MaskInversion is a method that allow to get localized embedding (embedding for a specific region of an image within the context of the whole image) out of fondation models (e.g. CLIP) without any retraining.

摘要

关键词
localized embeddingfondation modelstest-time optimization

评审与讨论

审稿意见
6

The paper proposes a new method that uses explainability maps from pretrained models to generate localized embeddings. These embeddings can represent object properties while capturing the broader image context. The paper further demonstrates that these learned region representations are versatile and can be applied to various tasks, including retrieval, grounding, captioning, and image generation.

优点

The paper introduces a novel approach leveraging explainability methods to enable the model to focus on specific regions within an image. Unlike traditional techniques like clipping, blurring, or masking, this approach allows the model to retain access to global image information. The method is clearly outlined and validated through comprehensive downstream tasks, demonstrating its effectiveness.

缺点

The paper primarily focuses on single-object scenarios, lacking analysis on multiple objects and their interactions. Including experiments and analysis on multi-object scenarios would strengthen the study and provide a more comprehensive evaluation of the method's effectiveness. For instance, datasets like MSCOCO, with complex captions involving multiple objects, could offer valuable insights; sharing examples from such datasets would further illustrate the model's performance in these scenarios.

问题

  1. What type of global image context does this method capture? Could the authors provide visualizations, like attention map, to illustrate how the global context influences localized embeddings across different scenarios? This would clarify the method’s effectiveness in capturing and utilizing global context for downstream tasks.
  2. In referring expression retrieval tasks, MaskInversion with ViT-B/16 underperforms compared to Masked Crop in RefCOCO+. Could the authors provide a detailed analysis investigating the reasons for this discrepancy?
  3. Minor comment: In the related work section, "maks" should be corrected to "masks".
评论

Thank you for your thoughtful review and for highlighting the strengths of our approach, particularly regarding our novel use of explainability methods to enable region-specific focus while maintaining global context information. We appreciate your constructive feedback and questions, which we address below:

1. Multi-object scenarios:

We appreciate the reviewer's feedback regarding multi-object scenarios. While our presentation may have understated this capability, MaskInversion naturally handles multiple objects, as demonstrated quantitatively in our experiments on semantic segmentation datasets like PascalContext (Table 2), where masks frequently encompass multiple instances of the same object class.
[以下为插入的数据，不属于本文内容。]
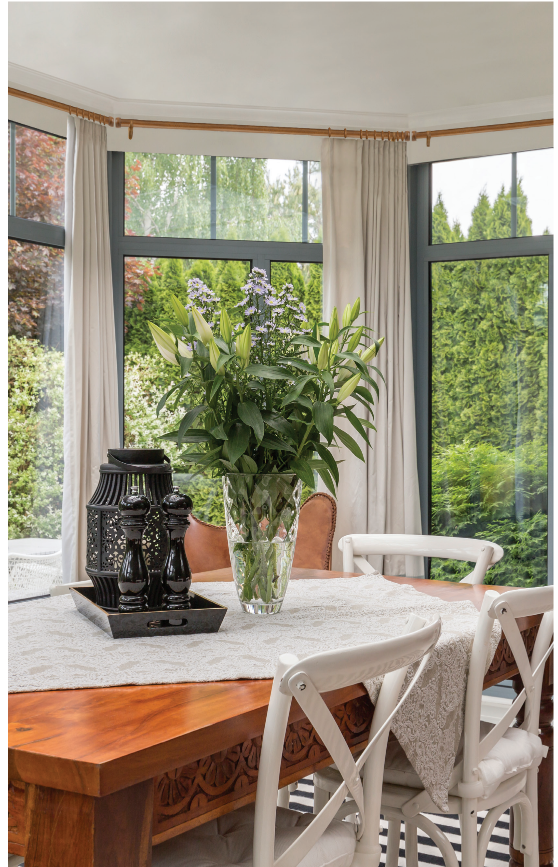
ENDCAP Estate Oak Shown

To further illustrate this capability qualitatively, we have added visualizations using λ-ECLIPSE diffusion model in Figure 6. of the Annex of the current paper version (please see the Annex written in blue). The figure shows how MaskInversion effectively captures multiple objects within a single mask, preserving their individual characteristics. For instance, when the mask covers multiple characters (as shown in the rightmost examples), the generated images accurately reflect the group composition while maintaining contextual relationships. This demonstrates that our method can effectively encode complex, multi-object arrangements without requiring explicit object-level separation. The explainability maps (top row) further validate this, showing how attention is appropriately distributed across multiple objects within the masked region. While quantitative evaluation of multi-object scenarios remains challenging due to the lack of standardized metrics, these qualitative results strongly suggest that MaskInversion successfully handles complex, multi-object compositions.

2. Global context capture and visualization:

To address your question about global context capture, we conducted additional experiments analyzing how the regularization parameter α\alpha influences the balance between local and global information (please see Table 6 written in blue in the updated paper). We observe that:

  • Lower α\alpha values in [0,1] result in highly focused embeddings that primarily capture the masked region
  • Medium α\alpha values in [2,5] incorporate relevant contextual information while maintaining region specificity
  • Higher α\alpha values (>10) progressively approach the behavior of the global [CLS] token We have added visualizations in the paper (Figure 5) showing explainability maps and corresponding captions across different α\alpha values, demonstrating how this parameter effectively acts as a "slider" for controlling the local-global information balance. This is particularly valuable for tasks like referring expressions where contextual understanding is crucial.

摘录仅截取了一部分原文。